### Activity
With pictures left out, set down exactly the lines from the line containing "イレギュラー ハイウエスト ワイドパンツ" through the last line of the data.

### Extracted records
- - - -
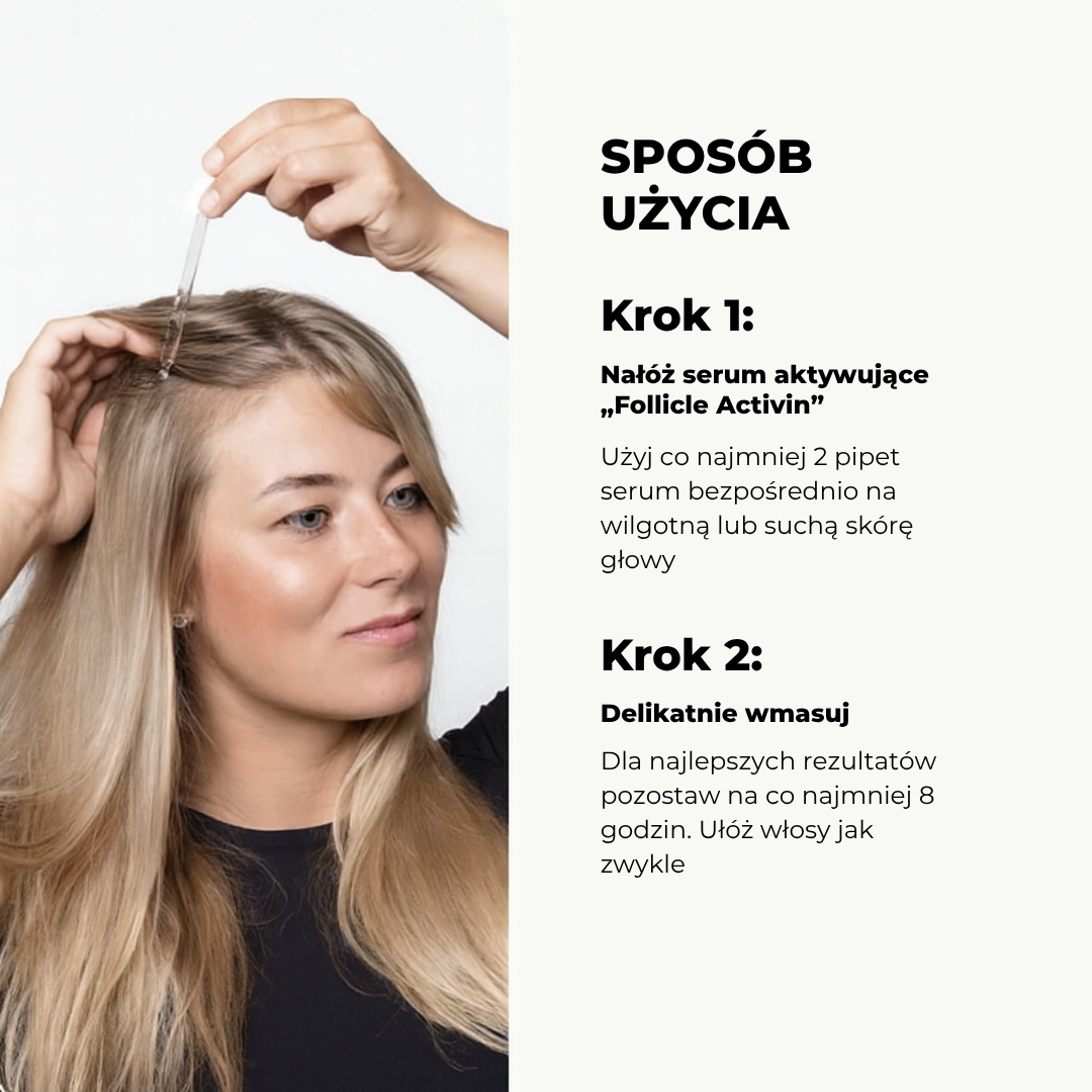 Nasze serum FOLLICLE ACTIVIN zostało opracowane przez zespół ekspertów w celu ograniczenia wypadania i przerzedzania włosów przy jednoczesnym stymulowaniu mieszków włosowych dla szybszego wzrostu włosów. Serum zostało stworzone przy użyciu specjalnej technologii, która pomaga przywrócić funkcję mieszków włosowych. Działa bezpośrednio, dostarczając skórze głowy i włosom niezbędne składniki odżywcze.
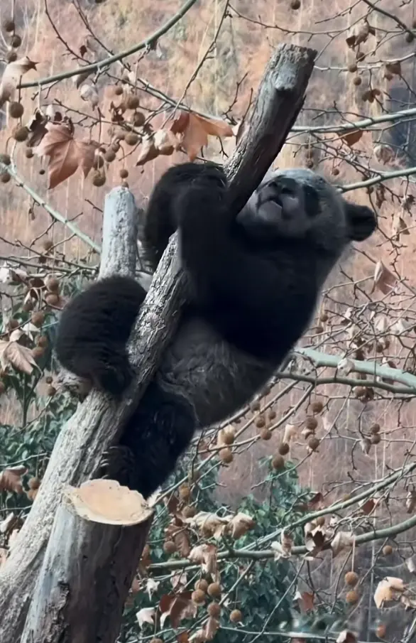 它趴在树枝上,原本洁白的毛发染得黢黑,小脸也灰扑扑的,不少人调侃:“这是熊猫还是黑熊?”“建议查一下,是不是偷偷去挖煤了!”
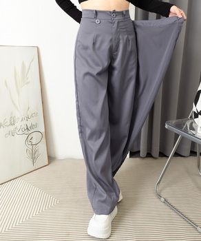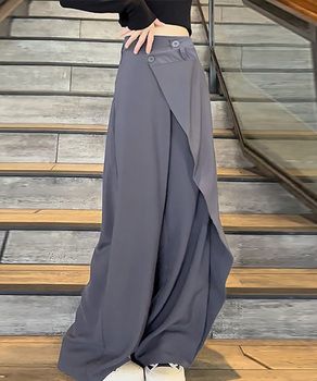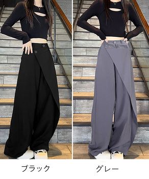 イレギュラー ハイウエスト ワイドパンツ オフィスカジュアル ストレートパンツ 非対称 美脚脚長 ロングパンツ 通勤OLきれいめカジュアル 体型カバーズボン黒 春秋夏ボトムス新作
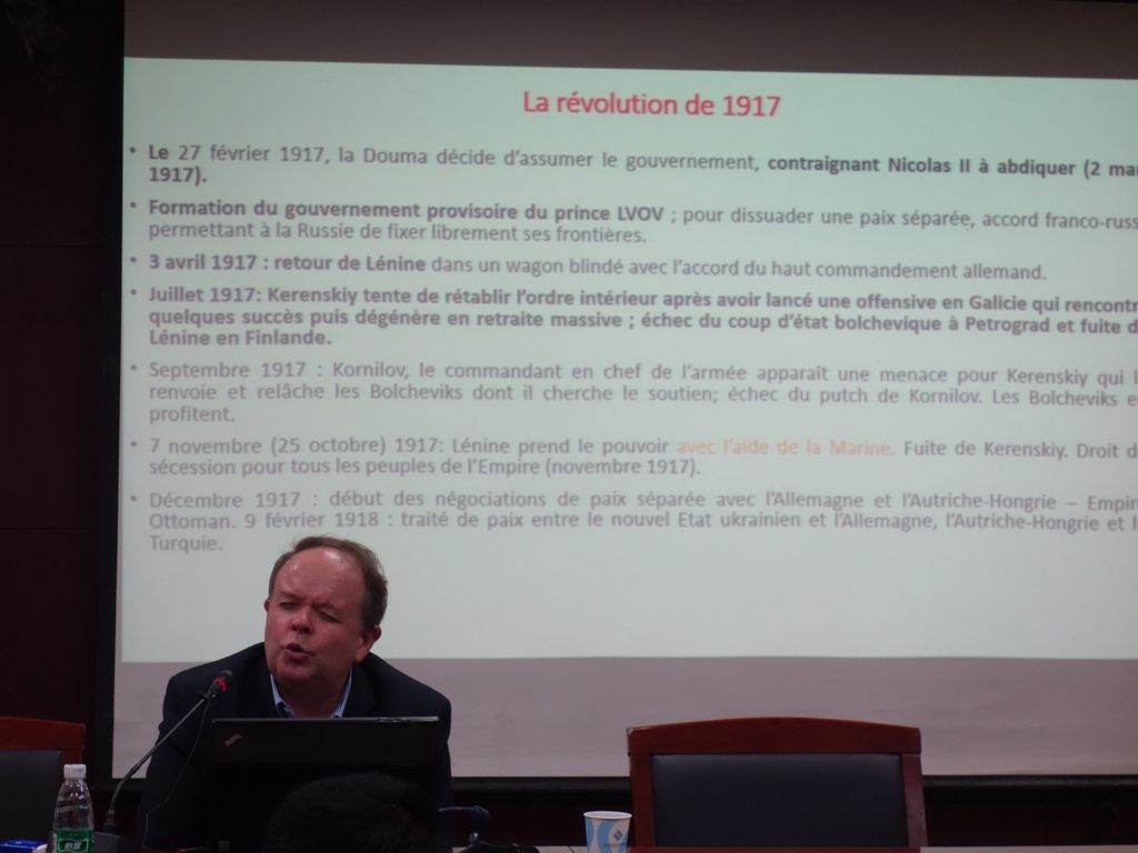 5月27-30日,应新爱体育(官网)官方网站邀请,法国国家海军史研究中心首席专家、知名学者亚历山大.谢尔东-杜普莱教授(Alexandre Sheldon- Duplaix)来我校访学。5月29日下午,杜普莱教授在主楼600会议室作了题为“1917年前的沙俄海军”的学术讲座。本次讲座系我校励耘学术讲堂历史学系列讲座之一,也是纪念俄国十月革命100周年专题学术活动的重要部分。讲座由历史学院世界近代史教研室江天岳博士主持,历史学院世界近现代史研究中心主任张建华教授、世界现代史教研室主任安然老师、世界现代史教研室王广坤老师等出席了讲座。
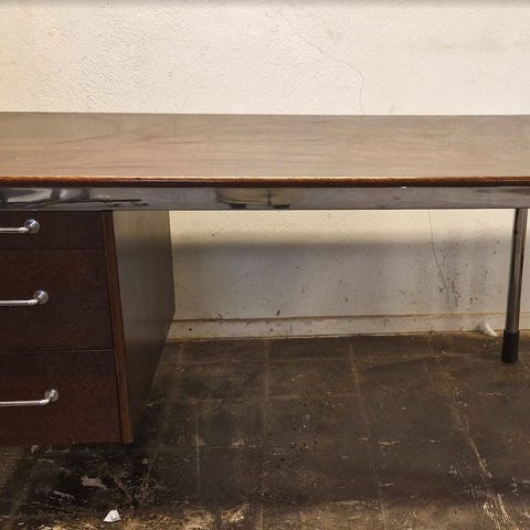 Stort höj-och sänkbart skrivbord från Kinnarps + 2st hurtsar. Använt skick med lite märken. Ena hurtsen har skadat handtag på övre lådan (se bild) och några lådor som är lite trasiga.
- - - -
### Solution to the problem
 イレギュラー ハイウエスト ワイドパンツ オフィスカジュアル ストレートパンツ 非対称 美脚脚長 ロングパンツ 通勤OLきれいめカジュアル 体型カバーズボン黒 春秋夏ボトムス新作
 5月27-30日,应新爱体育(官网)官方网站邀请,法国国家海军史研究中心首席专家、知名学者亚历山大.谢尔东-杜普莱教授(Alexandre Sheldon- Duplaix)来我校访学。5月29日下午,杜普莱教授在主楼600会议室作了题为“1917年前的沙俄海军”的学术讲座。本次讲座系我校励耘学术讲堂历史学系列讲座之一,也是纪念俄国十月革命100周年专题学术活动的重要部分。讲座由历史学院世界近代史教研室江天岳博士主持,历史学院世界近现代史研究中心主任张建华教授、世界现代史教研室主任安然老师、世界现代史教研室王广坤老师等出席了讲座。
 Stort höj-och sänkbart skrivbord från Kinnarps + 2st hurtsar. Använt skick med lite märken. Ena hurtsen har skadat handtag på övre lådan (se bild) och några lådor som är lite trasiga.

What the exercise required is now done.